Reklama

Dla prawie tysiąca dzieci zabrakło miejsc w przedszkolach

Dziś, 17 kwietnia, białostockie przedszkola wywiesiły listy przyjętych dzieci. Okazało się, że dla wielu – dokładnie dla 999 tego miejsca zabrakło.

Jak mówi wiceprezydent Białegostoku – Tadeusz Arłukowicz – przede wszystkim trzeba znaleźć rozwiązanie dla 400 dzieci. Pozostałe dzieci nieprzyjęte albo nie mają trzech lat, albo przynajmniej jeden z ich rodziców nie pracuje.

Wśród pomysłów na dodatkowe miejsca są nowe oddziały – zarówno w przedszkolach, jak i w szkołach, jak też zachęcanie rodziców 6-latków do posłania dzieci do szkoły.

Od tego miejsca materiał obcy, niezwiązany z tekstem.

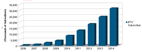 由政府推動(dòng)各家電信、廣播和互聯(lián)網(wǎng)運(yùn)營(yíng)商加快覆蓋速度,中國(guó)網(wǎng)絡(luò)電視(IPTV)用戶將在未來幾年繼續(xù)快速增長(zhǎng)。

Wszystko powinno wyjaśnić się w ciągu miesiąca. Wtedy urzędnicy przekażą informacje o kolejnym etapie rekrutacji i poinformują, w których placówkach będą miejsca.

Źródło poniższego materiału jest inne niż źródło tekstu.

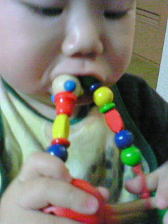 今日は、何だか、早寝のゆっき~まんでした~。昨日は、PM10時近くになっても寝なくて。。。朝寝が、3時間もしたせいですな~(==;今朝は、遅くまで起きなくて。。。(==;保育園から、“この時期は、朝寝は短めに。。”と、言われました。。今度から短めにします。。(反省そういえば、うちの職場の託児所でも、1歳近い子達に、朝寝は短めにしていきましょう、って、言ってたな~てのを思い出しました。。。まったく、育児が出来て無い母で、申し訳ない。。ゆっき~まん。。今日は、写真が取れなかったんで昨日のを。。。おもちゃを( ̄~ ̄) モグモグ...です。。。。 “僕のおもちゃだから取らないで~” “お風呂の様子見なきゃ~”(なんで、おもちゃくわえてんだか。。) 最近、よく歩くようになりました~が、良い画像がとれません。。。んでもって、なにか、口にくわえて無いと歩けないゆっき~まん。。。あと10日くらいで、歩けるようになるんでしょうか???

Podobna sytuacja była w ubiegłym roku. Po pierwszej rekrutacji okazało się, że miejsca brakuje dla około pół tysiąca dzieci. Powstały oddziały przedszkolne przy szkołach – nawet mniej niż planowano, bo w dodatkowym naborze okazało się, że chętnych jest mniej.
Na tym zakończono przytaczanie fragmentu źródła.